Supplied data Block Start
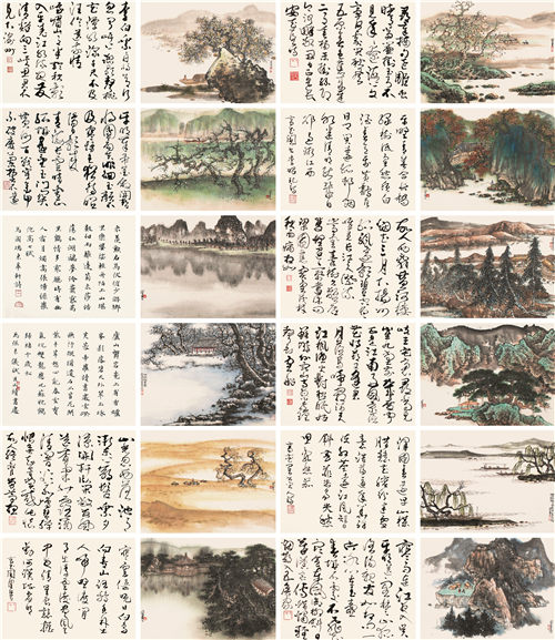 xie zhiliu(1910-1997)anD chen peiqiu(b.1922) Twenty-fourmo of pictures of mountains, rivers and flowers and calligraphy
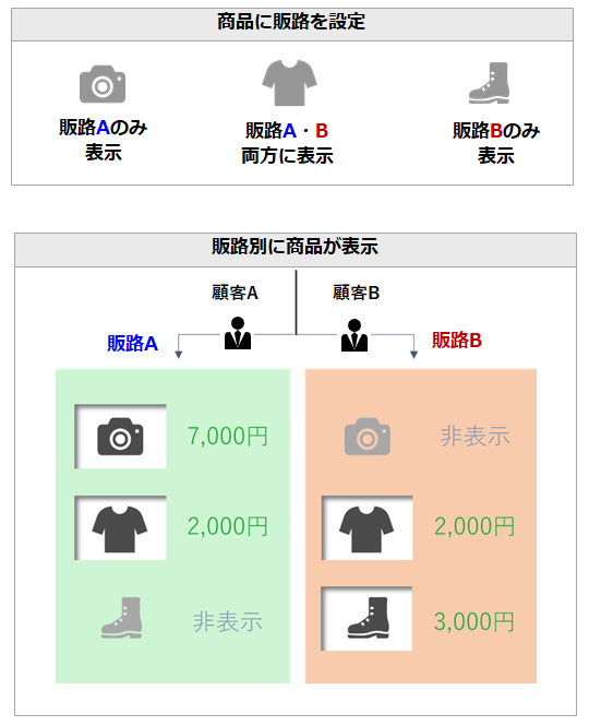 ・カメラ:販路Aのみ表示設定 → 販路Aの顧客のみに表示、販路Bの顧客では非表示
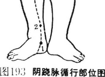 阴跷脉禀足少阴肾经之脉气而别出,故云少阴之别。其脉 下起于足跟然谷穴,上至目内眦与手太阳小肠经、足太阳膀胱 经、足阳明胃经、阳跷脉交会。(图193阴跷脉循行部位图)。
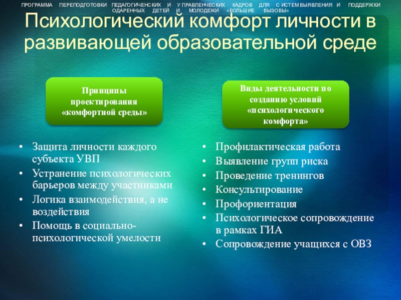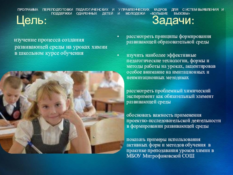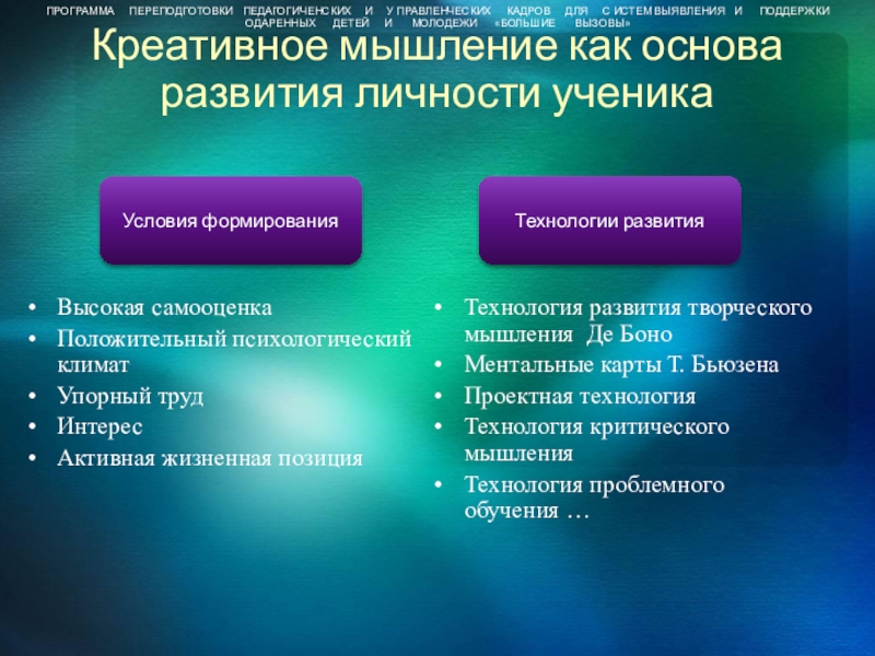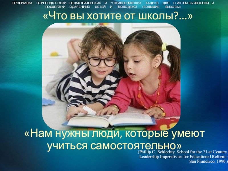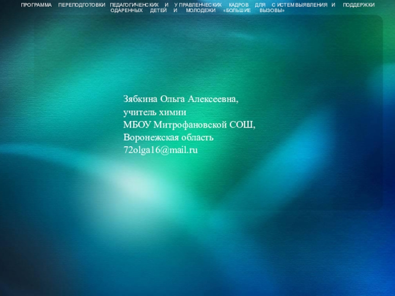 ПРОГРАММА ПЕРЕПОДГОТОВКИ ПЕДАГОГИЧЕНСКИХ И У ПРАВЛЕНЧЕСКИХ КАДРОВ ДЛЯ С ИСТЕМ ВЫЯВЛЕНИЯ И ПОДДЕРЖКИ ОДАРЕННЫХ ДЕТЕЙ И МОЛОДЕЖИ «БОЛЬШИЕ ВЫЗОВЫ»
Supplied data Block End
- [What is being asked]: Omit the pictures, then copy out all the data exactly as it stands.

- [Output of the exercise]:
 xie zhiliu(1910-1997)anD chen peiqiu(b.1922) Twenty-fourmo of pictures of mountains, rivers and flowers and calligraphy
 ・カメラ:販路Aのみ表示設定 → 販路Aの顧客のみに表示、販路Bの顧客では非表示
 阴跷脉禀足少阴肾经之脉气而别出,故云少阴之别。其脉 下起于足跟然谷穴,上至目内眦与手太阳小肠经、足太阳膀胱 经、足阳明胃经、阳跷脉交会。(图193阴跷脉循行部位图)。
 ПРОГРАММА ПЕРЕПОДГОТОВКИ ПЕДАГОГИЧЕНСКИХ И У ПРАВЛЕНЧЕСКИХ КАДРОВ ДЛЯ С ИСТЕМ ВЫЯВЛЕНИЯ И ПОДДЕРЖКИ ОДАРЕННЫХ ДЕТЕЙ И МОЛОДЕЖИ «БОЛЬШИЕ ВЫЗОВЫ»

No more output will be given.